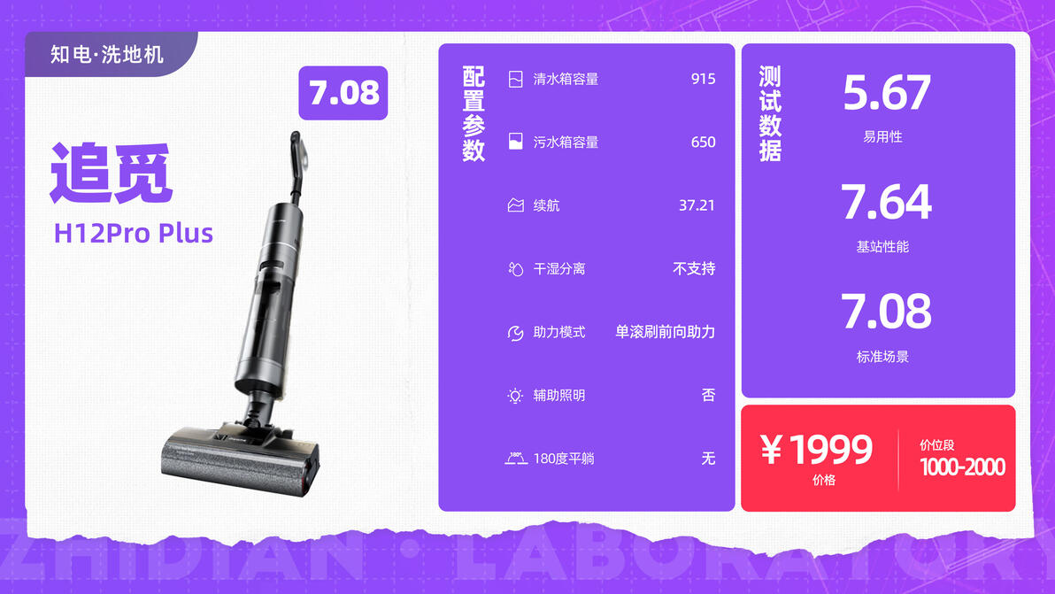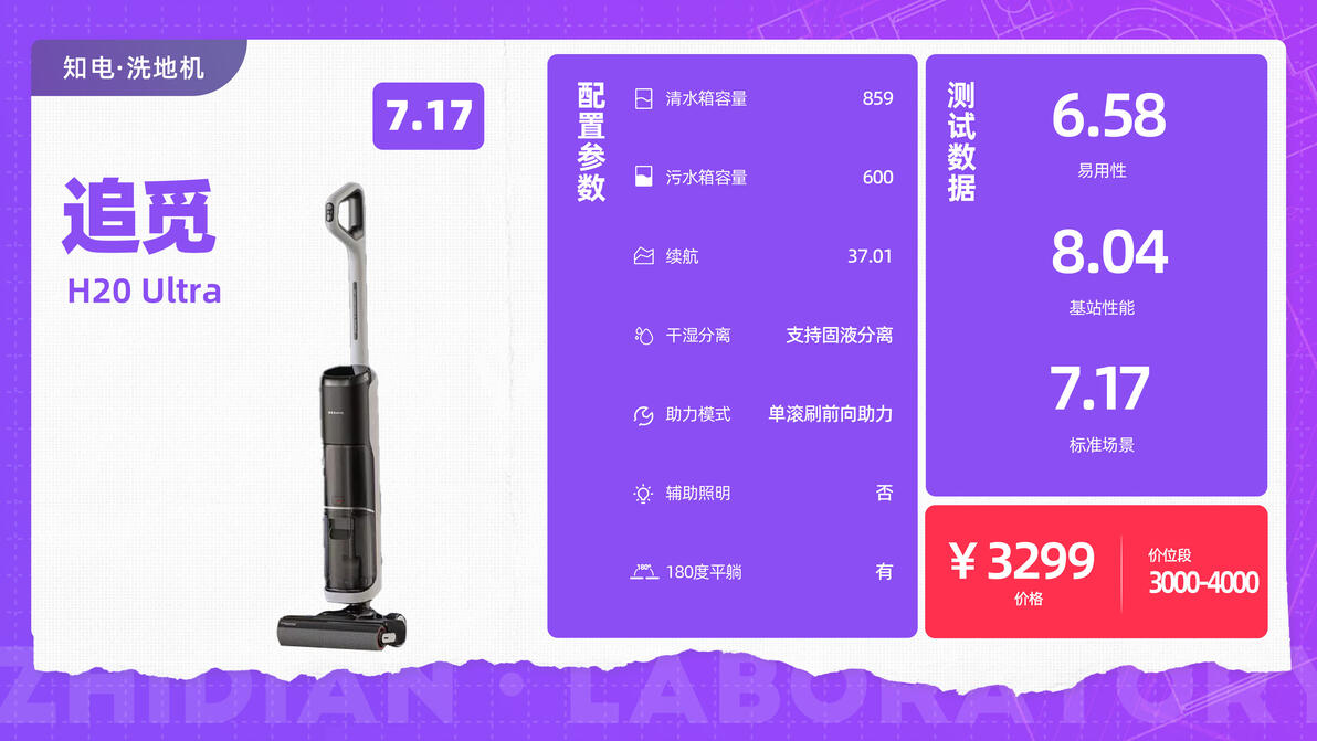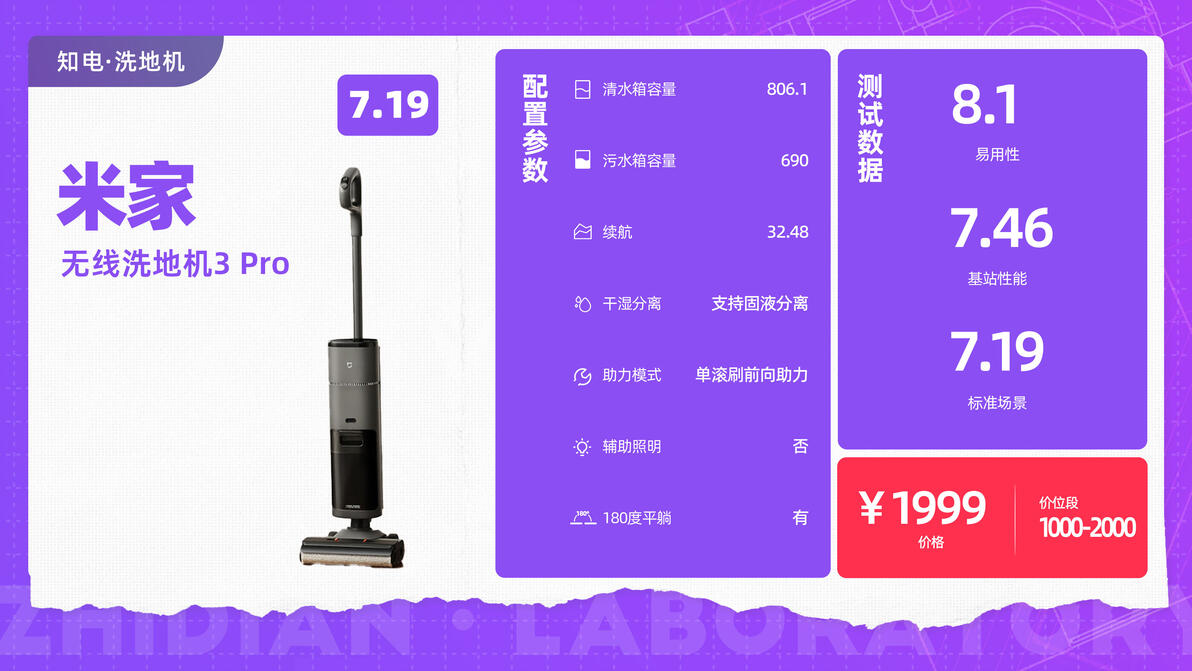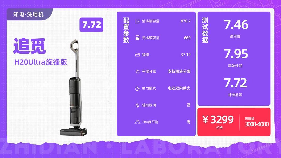 米家无线洗地机3 Pro售价1899,测试评分7.19分,排名第9,这台洗地机升级了60°C热水自清洁,支持全链路电解水除菌,升级了毛发防缠绕系统,产品由顺造代工,在这台产品上,我们测试到比较高的自清洁温度,3 Pro有一个比较大加热条来实现滚刷的升温,不过耗电量不小,单次耗电0.2度,测试中发现,这款产品防缠绕、固液分离做的都不错,不过洗地机清洁完,如果提着返回底座,会有遗撒现象,这个在今年的云鲸S2上已经彻底解决了,追觅H20 Ultra 旋锋版也是有着不错表现的,自清洁方面,底座也容易残留污渍,我感觉差不多的价格,还不如选择云鲸S1 Max。
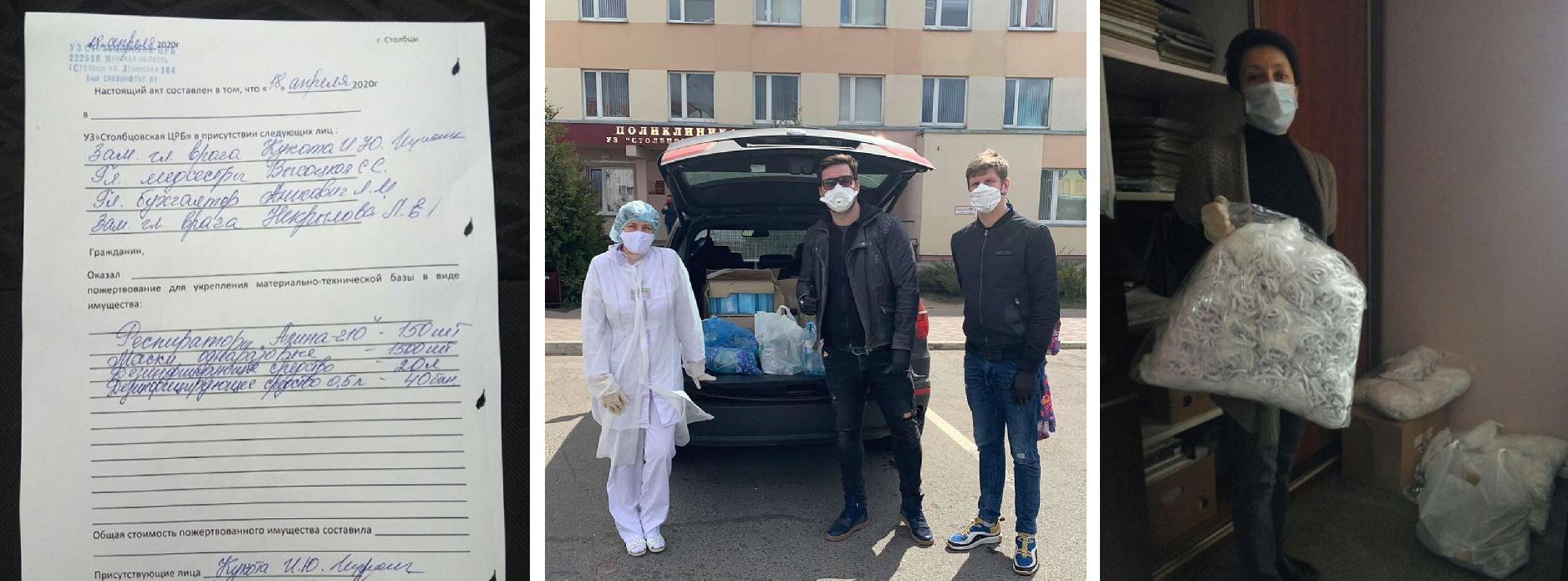Дапамогу Стаўбцоўскай ЦРБ аказваюць валанцёры з кампаніі #BYCOVID19 і ТАА "Моцны рэсурс". Дзякуючы крауд-платформе MolaMola дактарам адпраўленыя 2300 аднаразовых масак, 150 рэспіратараў "Аліна-210" са ступенню абароны ffp2, 20 літраў дэзінфектара, 40 слоікаў дэзінфекуючага сродку сродкаў па 0,5 літра, а таксама вада і ежа.
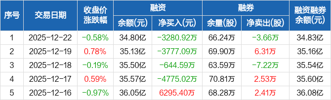 融资方面,当日融资买入6897.43万元,融资偿还1.02亿元,融资净偿还3280.92万元,连续4日净偿还累计1.25亿元。融券方面,融券卖出10.04万股,融券偿还13.7万股,融券余量66.24万股,融券余额340.47万元。融资融券余额合计34.83亿元。
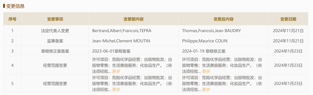 近期,青眼从国家企业信用信息公示平台获悉,路威酩轩香水化妆品(上海)有限公司(下称:LVMH P&C)、路威酩轩香水化妆品(海南)有限公司法定代表人、董事长均从Bertrand,Albert,Francois,TEFRA变更为Thomas,Francois,JeanBAUDRY。
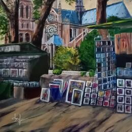 Dieses einzigartige und originale zeitgenössische Kunstwerk "Les bouquinistes près de Notre-dame " in dem Stil "Figurativ" wurde von dem zeitgenössischen Künstler Degabriel Véronique kreiert.
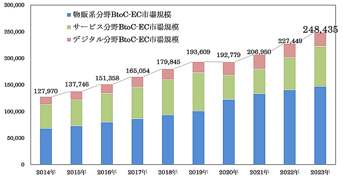 経済産業省が9月25日に発表した「令和5年度デジタル取引環境整備事業(電子商取引に関する市場調査)」によると、2023年のBtoC-EC市場規模は24兆8435億円で前年比9.23%増だった。
********
▸ ASSIGNED TASK:
Return exactly the stretch above whose first line contains "近期,青眼从国家企业信用信息" and whose last line contains "Dieses einzigartige und", and nothing outside it. The pictures should not appear.

▸ TASK RESULT:
 近期,青眼从国家企业信用信息公示平台获悉,路威酩轩香水化妆品(上海)有限公司(下称:LVMH P&C)、路威酩轩香水化妆品(海南)有限公司法定代表人、董事长均从Bertrand,Albert,Francois,TEFRA变更为Thomas,Francois,JeanBAUDRY。
 Dieses einzigartige und originale zeitgenössische Kunstwerk "Les bouquinistes près de Notre-dame " in dem Stil "Figurativ" wurde von dem zeitgenössischen Künstler Degabriel Véronique kreiert.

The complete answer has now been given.